И вновь Петрусенко усмехнулся про себя: он еще раньше обратил внимание на то, что этот человек изо всех сил старается показать свое незнание немецкого языка. Однако, когда Викентий и Людмила ходили в курзал на водевиль, они видели такую сценку: Лапидаров давал какое-то поручение динстману – посыльному, причем говорил по-немецки. Говорил хотя и с сильным акцентом, но без особых затруднений.

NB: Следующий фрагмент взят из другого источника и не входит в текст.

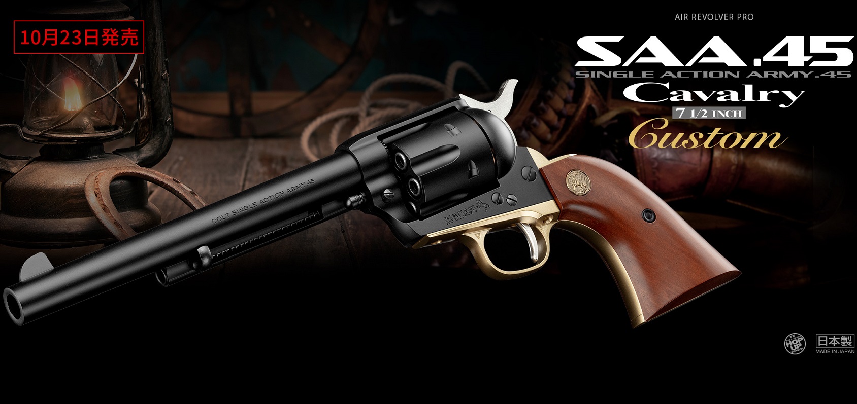 一番好きなGUNはコルトSAA(シングルアクションアーミーリボルバー)で銃身7.5インチのキャバルリーモデルです。今回東京マルイで発売されたキャバルリーはヘビーウェイトモデルではないため購入予定はありません。現在所有のコルトSAAは写真下の3丁でBB弾使用のガスGUNです。シルバーモデルはヘビーウェイトGUNですので3万円以上しました。
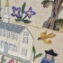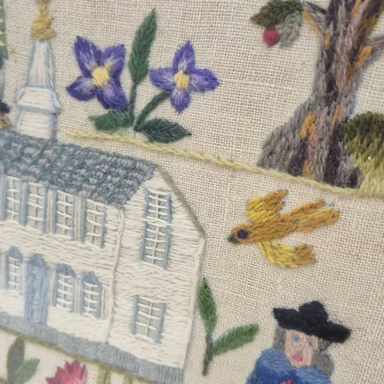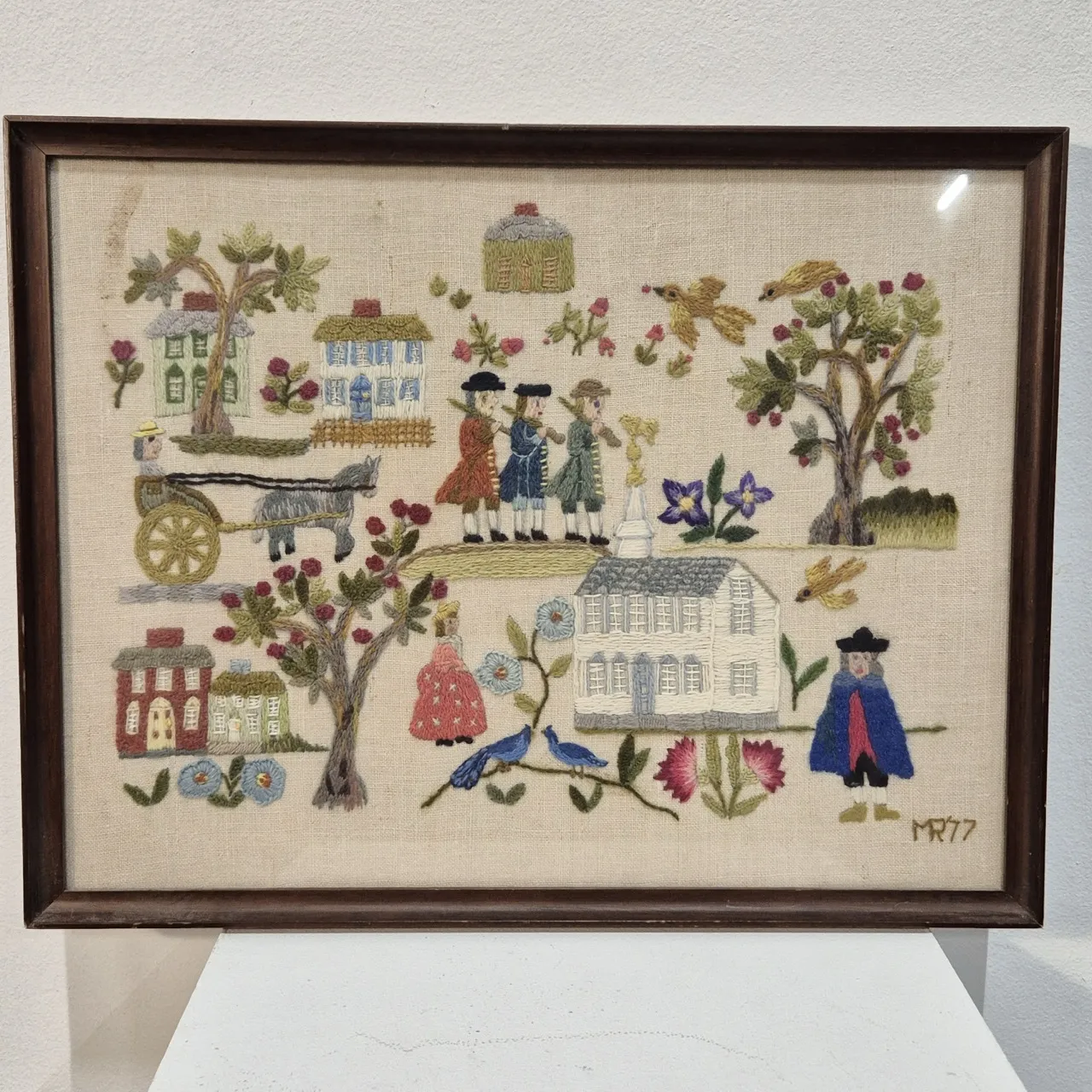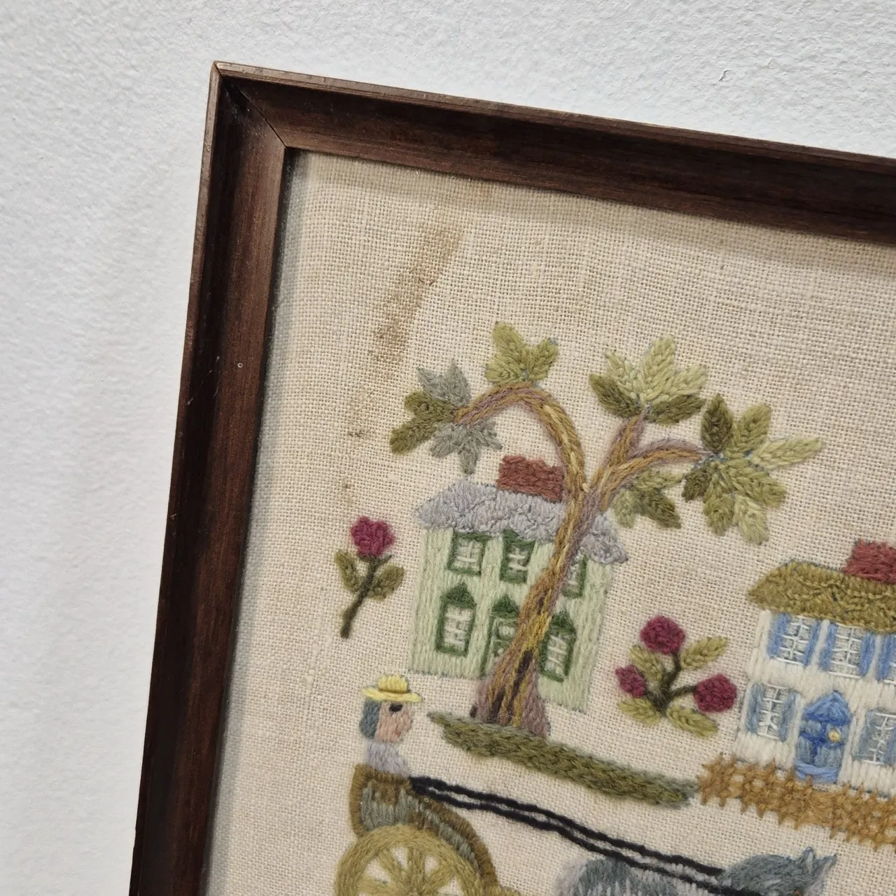 Broderad tavla, inglasad. Fläck på tyget. 40x31cm

– Я предупредил! – Ганс обнял девушку за плечи. – Пойдем, Грета.

Они ушли. Лапидаров сплюнул, выругался и тоже нырнул в уже потемневший сад.

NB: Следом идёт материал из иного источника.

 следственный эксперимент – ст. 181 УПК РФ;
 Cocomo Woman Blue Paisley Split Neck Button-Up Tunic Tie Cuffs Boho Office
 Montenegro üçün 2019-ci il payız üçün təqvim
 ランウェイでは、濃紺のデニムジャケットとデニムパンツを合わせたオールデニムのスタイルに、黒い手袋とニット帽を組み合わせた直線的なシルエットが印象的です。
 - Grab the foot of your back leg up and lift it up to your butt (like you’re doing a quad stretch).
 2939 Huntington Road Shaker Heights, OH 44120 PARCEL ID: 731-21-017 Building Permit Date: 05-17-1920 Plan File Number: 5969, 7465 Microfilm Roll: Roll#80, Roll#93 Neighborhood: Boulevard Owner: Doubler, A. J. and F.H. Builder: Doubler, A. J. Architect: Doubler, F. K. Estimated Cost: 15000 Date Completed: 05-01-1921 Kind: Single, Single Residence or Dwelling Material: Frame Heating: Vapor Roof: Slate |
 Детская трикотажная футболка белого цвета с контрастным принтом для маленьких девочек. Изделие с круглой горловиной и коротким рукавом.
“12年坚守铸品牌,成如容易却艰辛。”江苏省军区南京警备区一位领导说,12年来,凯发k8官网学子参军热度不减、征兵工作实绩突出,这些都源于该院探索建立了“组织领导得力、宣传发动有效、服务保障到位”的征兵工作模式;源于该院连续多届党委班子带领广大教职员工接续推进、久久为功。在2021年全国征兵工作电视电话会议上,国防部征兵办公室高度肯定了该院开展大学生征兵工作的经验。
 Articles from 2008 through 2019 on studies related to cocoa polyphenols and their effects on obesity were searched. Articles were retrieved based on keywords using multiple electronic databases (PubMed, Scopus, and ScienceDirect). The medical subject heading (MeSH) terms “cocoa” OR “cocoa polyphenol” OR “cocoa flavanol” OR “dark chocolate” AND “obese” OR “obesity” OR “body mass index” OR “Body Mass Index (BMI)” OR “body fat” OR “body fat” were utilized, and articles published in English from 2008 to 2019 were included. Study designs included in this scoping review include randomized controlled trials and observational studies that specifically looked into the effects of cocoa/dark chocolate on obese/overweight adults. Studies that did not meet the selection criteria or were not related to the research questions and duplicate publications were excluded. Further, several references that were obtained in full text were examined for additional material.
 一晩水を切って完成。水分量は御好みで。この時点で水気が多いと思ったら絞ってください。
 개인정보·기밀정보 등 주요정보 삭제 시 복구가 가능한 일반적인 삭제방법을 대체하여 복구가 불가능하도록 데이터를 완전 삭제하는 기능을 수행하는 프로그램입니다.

На другой день вся семья Петрусенко и Эльза Лютц уже через полчаса после окончания завтрака ехали в поезде в Карлсруэ. Все были веселы и оживленны, но особенно девушка. Ее глаза блестели, на губах часто появлялась улыбка – ни с того ни с сего, на щеках алели красные пятна. И без того нежное, милое лицо Эльзы от этого стало просто красивым. Странно было понимать, насколько сама девушка не осознает своей прелести! Она явно считала себя дурнушкой, была слишком застенчива и простовата в одежде. «Впрочем, – подумал Викентий Павлович, – возможно, это синдром «пересаженного дерева». Она ведь выросла и повзрослела в иной стране, а здесь, в Германии, за пять лет все еще чувствует себя чужестранкой».

Словно подслушав его мысли, Эльза стала рассказывать о брате:

– Может быть, вам Эрих кажется грубоватым и нелюдимым? Но это не так! Он очень впечатлительный мальчик и добрый. Только легкоранимый, потому и вспыльчивый.

– Мне ваш брат понравился сразу, – успокоил девушку Викентий Павлович. – А что с ребятами юношеского возраста ладить не так-то просто, это нам хорошо известно.

– Да, Лизонька, – подхватила Людмила. – У нас ведь есть еще двое сыновей: Саша и Митя… племянник Викентий Павловича. Остался сиротой, мы его усыновили.

Викентий Павлович улыбнулся, заговорив о мальчиках. Десятилетний сын Саша был верным оруженосцем своего двоюродного брата. Скоро у них начнутся занятия в гимназии, Митя идет в последний выпускной класс. Потому они не поехали с родителями и Катюшей в Баден-Баден, но нисколько этому не огорчились. Остаться на целый месяц хозяевами в доме – это же настоящее приключение!..

– Племянник? – Лиза запнулась, посмотрела на Петрусенко, словно хотела что-то сказать, но лишь вздохнула. – Эриху труднее, чем мне, здесь, на новом месте. Потому что я живу, как и жила: хлопоты по дому, чтение тех же любимых книг – здесь легко достать русских авторов. А вот он очень хотел жить по-новому, стать истинным немцем.

– Не получилось? – спросил Викентий Павлович, вспомнив шрам на щеке у парня. Он, как только увидел этот шрам у Эриха, сразу подумал о студенческой «мензуре» – дуэли.

Эльза вздохнула:

– Не вышло… Но сейчас он уже успокоился, особенно когда встретил Труди. Она ведь тоже настоящей немкой себя не чувствует.

Викентий Павлович уже слушал разговор краем уха: собственные воспоминания пришли к нему. Он смотрел в окно на веселую долину, по которой катил поезд, на близкие склоны лесистых гор, на мелькнувшую одинокую ферму… А думал о своей так рано и трагически погибшей сестре Кате – матери Мити.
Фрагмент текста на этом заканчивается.